- [What is being asked] Only the tail of the listing is wanted: the line containing "随后由15级钟文琛同学领读,全体学生朗诵" and all after it, repeated exactly, pictures omitted.

- [Provided material]
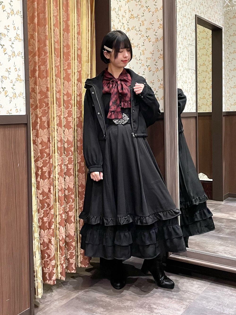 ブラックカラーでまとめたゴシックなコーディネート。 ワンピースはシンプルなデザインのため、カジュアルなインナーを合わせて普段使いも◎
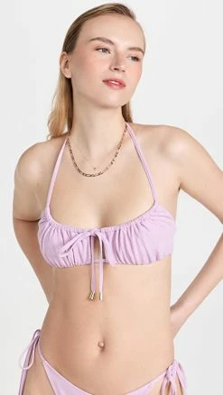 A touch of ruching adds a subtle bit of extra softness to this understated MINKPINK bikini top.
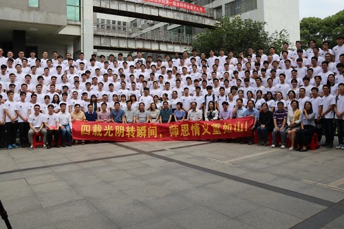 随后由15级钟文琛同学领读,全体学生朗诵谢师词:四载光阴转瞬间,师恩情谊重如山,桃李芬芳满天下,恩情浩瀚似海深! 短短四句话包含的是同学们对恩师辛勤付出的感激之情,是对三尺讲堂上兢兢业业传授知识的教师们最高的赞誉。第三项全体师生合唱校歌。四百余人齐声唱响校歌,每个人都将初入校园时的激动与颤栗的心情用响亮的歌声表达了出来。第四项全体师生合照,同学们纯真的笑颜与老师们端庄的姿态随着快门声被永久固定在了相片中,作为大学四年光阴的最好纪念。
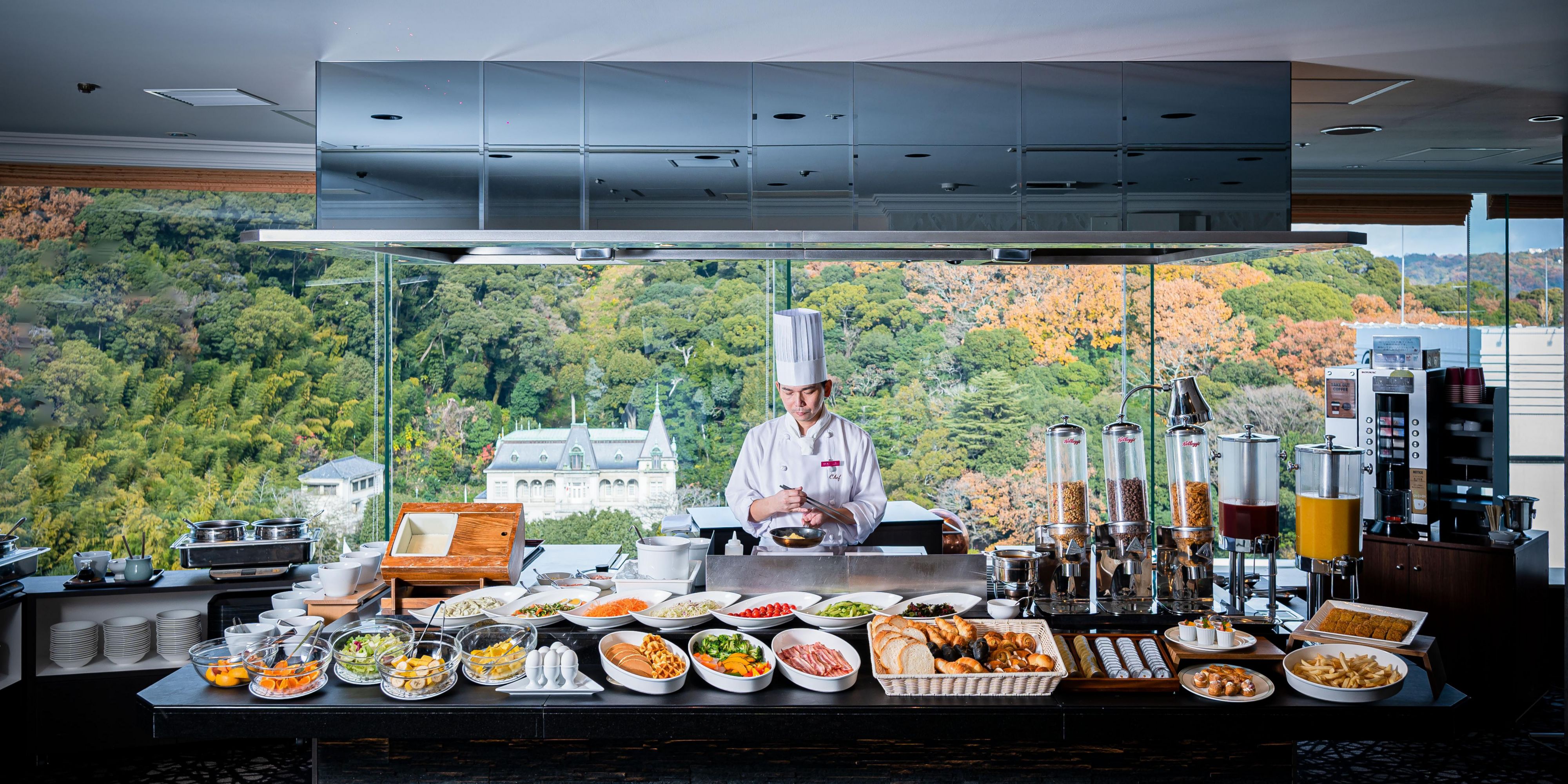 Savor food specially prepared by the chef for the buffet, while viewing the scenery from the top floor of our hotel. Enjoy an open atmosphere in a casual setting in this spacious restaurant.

- [Response for this exercise]
 随后由15级钟文琛同学领读,全体学生朗诵谢师词:四载光阴转瞬间,师恩情谊重如山,桃李芬芳满天下,恩情浩瀚似海深! 短短四句话包含的是同学们对恩师辛勤付出的感激之情,是对三尺讲堂上兢兢业业传授知识的教师们最高的赞誉。第三项全体师生合唱校歌。四百余人齐声唱响校歌,每个人都将初入校园时的激动与颤栗的心情用响亮的歌声表达了出来。第四项全体师生合照,同学们纯真的笑颜与老师们端庄的姿态随着快门声被永久固定在了相片中,作为大学四年光阴的最好纪念。
 Savor food specially prepared by the chef for the buffet, while viewing the scenery from the top floor of our hotel. Enjoy an open atmosphere in a casual setting in this spacious restaurant.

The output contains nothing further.